We thought about it and laughed a little. Poor Michael had such a bizarre, abusive upbringing that he wouldn’t have recognized "Normal" if it walked up, Introduced Itself, and shook his sequined glove. He didn't even have a passing acquaintance with "Normal."
I’ve come to realize, that I, too, have no idea what "healthy" or "normal" feels like, when it comes to a family or romantic relationship.
I believe healthy, normal relationships exist... I know,
theoretically, what they look like - just like I know
what unicorns and fairies look like. ( I love those stories!)
But inside my family of origin... Please!
I grew up in American in the 60's and my father was alcoholic - well, who wasn’t, in those days? Watch any movie or TV show set in the period, and you’ll notice, the first thing most characters do upon entering any room is to fix a drink. (The second is to light a cigarette.)
Everybody back then drank a lot, everybody ate a lot, everybody smacked their kids, and often their wives, around. Yes, there was social disapproval if one went too far, but from this vantage point it’s pretty hard determining where they drew the line of "too far."
Leo Tolstoy wrote, "Happy families are all alike; every unhappy family is unhappy in its own way." In my family, the biggest elephants in the room that we learned to ignore and throw a big, flowered tablecloth over were alcoholism, my father’s narcissism, and my mother’s cancer. (Which, eventually became something we couldn’t ignore, as it killed her.)
Other families had other elephants: child sexual abuse - perhaps at home, or perhaps at church. Sometimes both. Mental illness - possibly "crazy" Aunt Sally, or Grandpa with Alzheimer’s before we knew what Alzheimer’s was. PTSD from Vietnam or Korea or even WWII - before we knew what PTSD was. Suppressed homosexuality. Prescription drug abuse. Racism. Husbands who had affairs with their secretaries and housewives who had affairs with the milkmen.
I am sure there were some "Leave It To Beaver" families out there - but they sure didn’t live on my block. (Btw, totally off-topic, but wasn’t Tony Dow who played Wally sooooo hot? He was gorgeous as an adult, too.)

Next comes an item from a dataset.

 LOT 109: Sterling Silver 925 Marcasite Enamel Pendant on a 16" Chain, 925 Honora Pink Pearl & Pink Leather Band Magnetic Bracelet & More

Over the years I’ve made a lot of friends, from a lot of different neighborhoods - and they almost all seem to tell very un-leave-it-to-beaverish family stories. Which means that either I am a total magnet for the f&#ked up - a distinct possibility, I admit - or that there’s a whole lot of people like me, struggling to figure out just what a healthy, nurturing love relationship looks and feels like. It’s as if we’re trying to put together a 5,000 piece jigsaw puzzle when we don’t even have the picture on the box cover. And a good third of the pieces are missing.
Shrinks say that we subconsciously pick partners much like our opposite sex parents - a good thing, if our role models were healthy. If they weren’t, the theory is that we do it because we subconsciously hope we can "fix it" this time around. Or maybe it’s that we simply recognize and feel comfortable with bad behaviors - it may not feel good, but it’s familiar. Like choosing ratty old shoes with holes in them because they feel better than brand new shoes that aren't yet broken in.
I know in my own life I’ve often chosen unhealthy partners and/or acted co-dependently in my love relationships. Sometimes the parallels between my partners and my father have been downright spooky! (With my current b-f, I didn't pick a Narcissist Alcoholic who smokes, like dear old dad, I picked an OCPD Alcoholic who smokes.)
However, whether because of luck or because I am less pigheaded in this area, I have managed to have positive relationships with friends and co-workers. Although I’ve had toxic relationships in those areas too, for the most part my relationships with friends and compatriots are those where we praise each other’s strengths and support each other’s weaknesses - without having ulterior motives, being manipulative or co-dependent.
I’d like to think I can take the grief I’ve been working through for not having the unicorns-and-fairies idyllic childhood I "deserved," my theoretical knowledge about how healthy love relationships work, and my practical application of boundaries, inter-dependence (as opposed to co-dependence), intimacy and friendship, and integrate it all together into one healthy person, one capable of having a True Fine Love.
Lot more work to do before I get there, but I will get there.